The tradition Cuban filling list is roast pork, ham, dill pickles, and yellow mustard. The Tampa, FL variation adds Genoa salami. In keeping with the “more than” theme of the inspiration, I replaced yellow mustard with the Carolina mustard sauce from my BBQ cookbook. Dijon based with a bit of sweetness, it punches up the spice and compliments the pork better than plain mustard. Keeping with the Southern U.S. theme, I replace the dill pickles with bread & butter pickles. Mostly because they are the pickles I have in my fridge, but also because they bring another sweet-savory layer to the sandwich. Finally, I go completely off the book with carrot pickles. Granted, these are technically a Mexican pickle, but I am obsessed with them. They add a bit of acidic heat as well as a lovely crunch.
As I really don’t eat that much meat anymore, this is likely something I’ll pull out for BGC parties. All things considered, given the layers of meat and filling, this is actually a fairly light sandwich. Definitely filling, but not “I need to nap” filling. Contrary to most of the sandwiches I make, this needs neither a fork or copious napkins. It’s the very definition of a “pick it up and eat with one hand while there’s a beer in the other hand” sandwich.
MORE CUBAN THAN CUBAN
Mojo roast pork, honey ham, Genoa salami, swiss cheese, bread & butter pickles, carrot pickles, & mustard sauce on a pressed roll
Makes 1 sandwich
1 8-inch section of Cuban bread or any not-too-crusty soft white roll, split open horizontally
4 tablespoons Carolina Mustard sauce (or spicy brown mustard)
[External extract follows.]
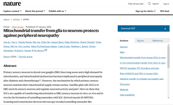 今回、デューク大学医学部のトランスレーショナル疼痛医学センター局長を務めるルー・ロン・ジー教授らの研究チームは、「後根神経節の神経線維を取り囲んでいるサテライトグリア細胞という末梢(まっしょう)神経系の細胞が、ミトコンドリアを神経線維の末端に直接輸送しているのではないか」との仮説を立てて実験しました。

3 ounces sliced Swiss cheese
2 ounces Bread & Butter pickles (or thinly sliced dill pickles)
2 ounces Carrot Pickles
4 ounces sliced honey ham
3 ounces Mojo pork loin (see recipe below)
2 ounces sliced Genoa salami
2 tablespoons butter
Preheat a panini press or a large cast iron skillet or griddle over medium heat. Lay bread, open side up, on a work surface and spread the bottom and top halves with mustard. Layer bottom and top halves with Swiss cheese. Working only on bottom halves, layer on all of the pickles, ham, roast pork, and salami (if using). Close sandwiches, pressing gently.
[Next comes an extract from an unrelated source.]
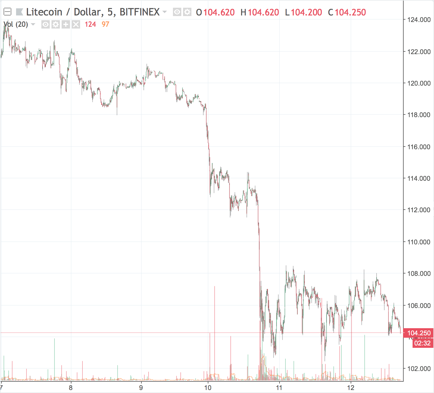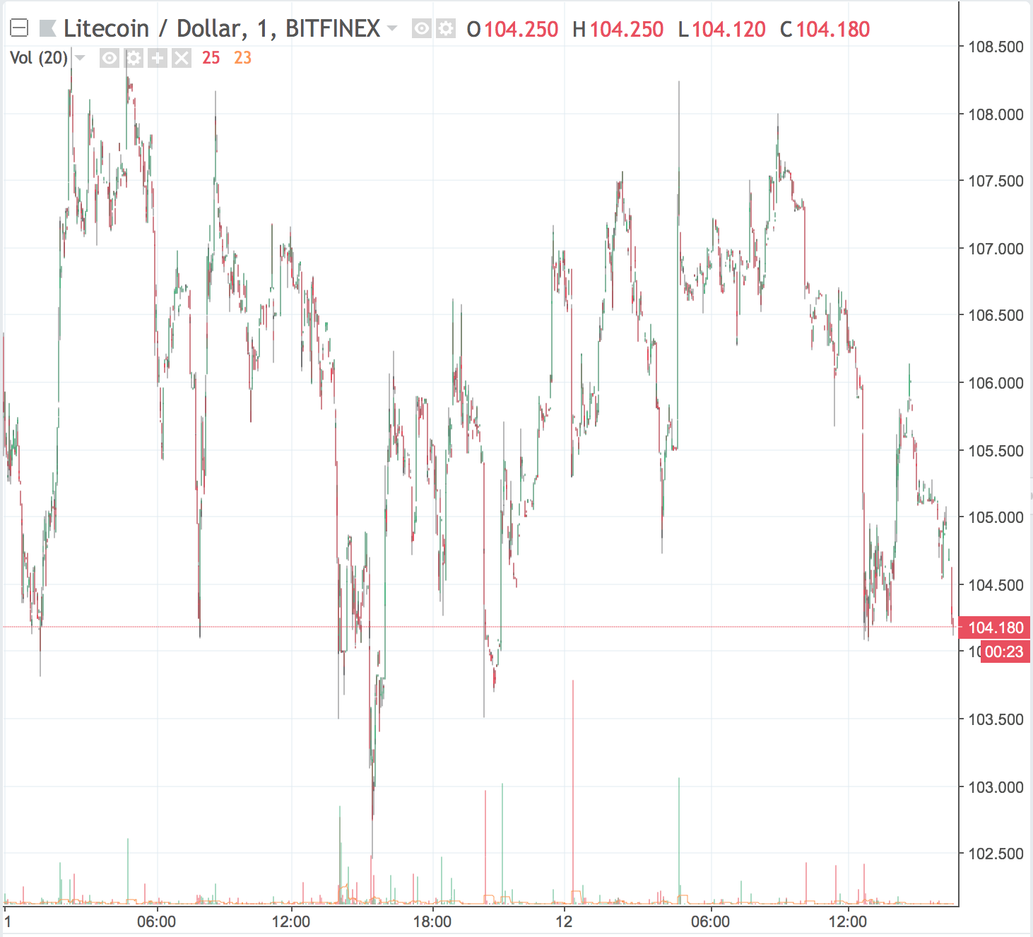Litecoin appears to be temporarily stable at the $106 level. As you can see from the 1-month chart, at the end of May Litecoin experienced a similar drop to what we experienced earlier in the week, before stabilizing for approximately 2 weeks worth of minor swings that were perfect for those traders seeking to exploit arbitrage opportunities. We will definitely be keeping our eyes on the markets for upcoming arbitrage opportunities if that trend repeats itself. However, we here at CryptoNews 24/7 believe that the next major movement in the Litecoin Market will be another multi-dollar dip in value. The announcements over the past few days by the United States’ Chairman of the Securities and Exchange Commission regarding their stance on Bitcoin not being a security, while most ICOs are will likely strengthen established cryptocurrencies like Ethereum, Bitcoin and Litcoin positions in the long-term, but we are currently experiencing temporary losses while non-professional investors are wrapping their heads around what all of this means. We here at CryptoNews 24/7 expect the market to dip every time the Chairman seeks to “clarify” their position.

Butter top and bottom of the sandwich press and press sandwiches with moderate pressure until crisp on both sides, about 8 minutes. If using a cast iron skillet or griddle, melt half of the butter in the pan and add sandwiches. Use a second pan to press on them as the first side crisps. When crisp, flip sandwiches, add remaining butter, swirl to coat, and continue cooking while pressing until crisp on both sides, about 10 minutes total. Slice sandwiches in half diagonally and serve immediately.
MOJO PORK LOIN
1 pound pork loin roast, fat trimmed
1/4 cup olive oil, plus 2 tablespoons for searing the pork
1/4 cup orange juice
2 tablespoons lime juice
3 cloves garlic, minced
1 teaspoon ground cumin
1 teaspoon dried Mexican oregano
1 teaspoon crushed red pepper flakes
1 teaspoon kosher salt
Combine 1/4 cup olive oil, orange juice, lime juice, garlic, spices and salt in a zipper-top bag or 2-quart container with a lid. Add the pork, seal, and toss to thoroughly coat the pork. Refrigerate at least 8 hours and up to 24 hours.
Preheat oven to 350 degrees. Heat 2 tablespoons olive oil in a skillet or saute pan over medium-high heat. Remove pork from marinade. Place in the pan and sear well on all sides. Transfer pork to a baking sheet and place in the oven to finish cooking to an internal temperature of at least 145 degrees in the center. Tent to keep warm and rest 5 minutes.